PORTLAND, Ore. (Portland Tribune) — The victims of notorious serial rapist Richard Troy Gillmore no longer must relive their trauma every two years when he’s up for parole.
Oregon’s Board of Parole and Post-Prison Supervision on March 4 voted 4-0 against granting Gillmore any more parole hearings before his scheduled release in 2023.
The board also is releasing him on Jan. 1, 2023, instead of Nov. 29 of that year, when his sentence will be fully served, because of time off for good behavior. This allows the board to require Gillmore to have three years of supervised parole instead of releasing him without oversight.
This story originally appeared on the Portland Tribune, a KOIN media partner
On March 4, the board wrote in an action form: “… based on the heinous crimes the inmate committed, the devastating impact of the crimes on the victims, and all the other information in the record, for the safety of the community the inmate must have supervision.”
Conditions could include GPS monitoring and treatment requirements that, if Gillmore does not meet them, could land him back behind bars.
Parole hearings are held every two years, but under special circumstances, the board can defer those hearings for as long as 10 years.
Gillmore, 56, told the board in February he would not participate in his upcoming April 6 parole hearing. He also declined to participate in his 2014 parole hearing.
This January, Gillmore received such an unfavorable psychological evaluation the board determined he is still dangerous.
“They’re giving us all they can,” said Danielle Tudor, who was 17 when Gillmore broke into her family home in Gresham and raped her in 1979. “I’m just thankful we’re getting as much time as we are and don’t have to return every two years for a parole hearing.”
Tudor is one of at least nine girls and women Gillmore admitted to raping in the late 1970s and 1980s. But by the time he was arrested in 1986 — for the rape of Tiffany Edens, 13, who he ambushed in her Gresham home while she was doing her chores — the statue of limitations had run out on the other cases.
After the Edens rape, police discovered Gillmore was the elusive Jogger Rapist, who stalked his victims while running through neighborhoods in Portland and East Multnomah County. He also was in the process of being hired as a Gresham police officer at the time of his arrest.
Gillmore was sentenced to at least 30 years with a maximum of 60. But a year later, a different parole board cut Gillmore’s minimum sentence in half.
After a few failed requests for parole, the board in 2007 agreed to release Gillmore, but failed to notify Edens of the hearing. Edens demanded a new one, but the board again voted to release Gillmore.
A yearlong battle followed, including a court-ordered third hearing and four more of Gillmore’s victims going public with their stories. The board denied his parole in June 2008, but every two years since then, he has been granted a new hearing.
If Gillmore is released in 2023, he will be 63 and will have spent 36 years behind bars.
Tudor is happy with the board’s decision. “We did get the best of what we could get under the circumstances,” she said. “We have to feel good about that at the end of the day.”

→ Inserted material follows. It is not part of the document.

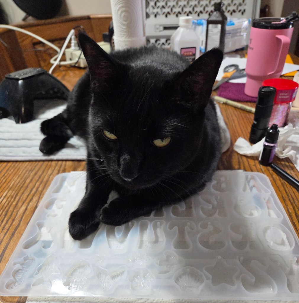 And on the same mold tray, there was a paw print. So I made one of those too. Black resin, pink toe beans, and a letter Z in the center—for Zazu, Zuri, Zephyr, and Zorro. All black cats, all names starting with Z. The design worked exactly how I pictured it, and I stopped there. I didn’t want to mess up a perfectly good pour day.

Tudor became the public face for the fight to keep Gillmore in prison when she testified at his 2010 and 2012 hearings, taking over for Edens, who’d succumbed to drug addiction.
In recent years, Tudor also has become an advocate for rape survivors. She has successfully lobbied the Legislature for an elimination of the statute of limitations on rape cases, as well as participated in a Parole Board work group that has adopted new rules pertaining to victims rights during the parole hearing process.